**Extracted material**.
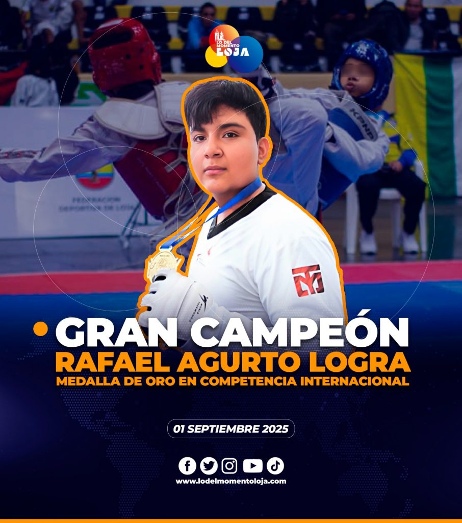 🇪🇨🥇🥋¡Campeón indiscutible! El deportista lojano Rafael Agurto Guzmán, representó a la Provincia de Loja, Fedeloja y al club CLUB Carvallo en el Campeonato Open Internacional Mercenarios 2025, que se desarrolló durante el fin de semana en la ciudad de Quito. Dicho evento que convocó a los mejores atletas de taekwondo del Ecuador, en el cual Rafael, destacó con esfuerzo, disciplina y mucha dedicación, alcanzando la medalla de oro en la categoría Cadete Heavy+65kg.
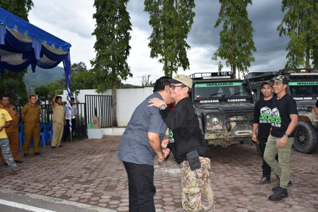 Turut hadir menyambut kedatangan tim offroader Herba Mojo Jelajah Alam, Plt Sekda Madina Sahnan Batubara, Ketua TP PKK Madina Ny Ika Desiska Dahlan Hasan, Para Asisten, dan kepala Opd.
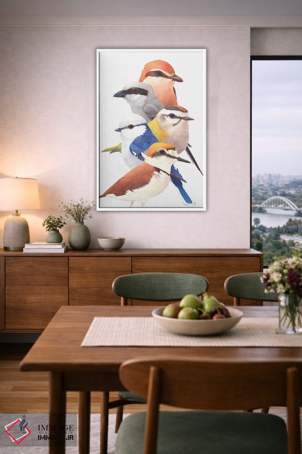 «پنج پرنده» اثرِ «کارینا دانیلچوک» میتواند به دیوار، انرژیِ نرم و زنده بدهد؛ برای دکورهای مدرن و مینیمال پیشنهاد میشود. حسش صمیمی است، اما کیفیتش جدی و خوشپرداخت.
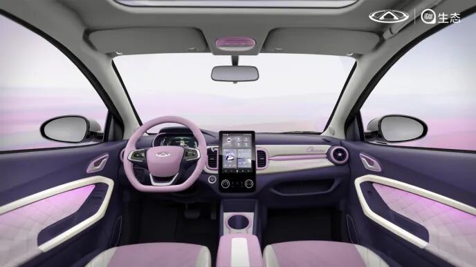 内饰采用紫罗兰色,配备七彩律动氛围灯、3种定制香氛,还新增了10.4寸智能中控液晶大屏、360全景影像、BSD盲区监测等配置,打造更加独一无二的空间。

* * *

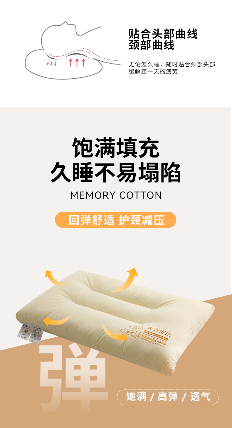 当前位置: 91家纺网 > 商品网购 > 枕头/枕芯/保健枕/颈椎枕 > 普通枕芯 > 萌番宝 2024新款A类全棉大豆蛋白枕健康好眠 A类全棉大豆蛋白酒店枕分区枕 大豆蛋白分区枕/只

* * *

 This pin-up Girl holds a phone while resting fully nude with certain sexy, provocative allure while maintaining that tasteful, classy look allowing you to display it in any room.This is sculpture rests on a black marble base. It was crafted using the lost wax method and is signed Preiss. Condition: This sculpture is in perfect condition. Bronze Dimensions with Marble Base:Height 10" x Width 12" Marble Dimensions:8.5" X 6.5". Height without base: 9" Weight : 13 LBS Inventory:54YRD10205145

**Assignment**. From the material above, reproduce only what runs from the line holding "Turut hadir menyambut" down to the line holding "内饰采用紫罗兰色,配备七彩律", both included, pictures excluded.

**Answer to the problem**.
 Turut hadir menyambut kedatangan tim offroader Herba Mojo Jelajah Alam, Plt Sekda Madina Sahnan Batubara, Ketua TP PKK Madina Ny Ika Desiska Dahlan Hasan, Para Asisten, dan kepala Opd.
 «پنج پرنده» اثرِ «کارینا دانیلچوک» میتواند به دیوار، انرژیِ نرم و زنده بدهد؛ برای دکورهای مدرن و مینیمال پیشنهاد میشود. حسش صمیمی است، اما کیفیتش جدی و خوشپرداخت.
 内饰采用紫罗兰色,配备七彩律动氛围灯、3种定制香氛,还新增了10.4寸智能中控液晶大屏、360全景影像、BSD盲区监测等配置,打造更加独一无二的空间。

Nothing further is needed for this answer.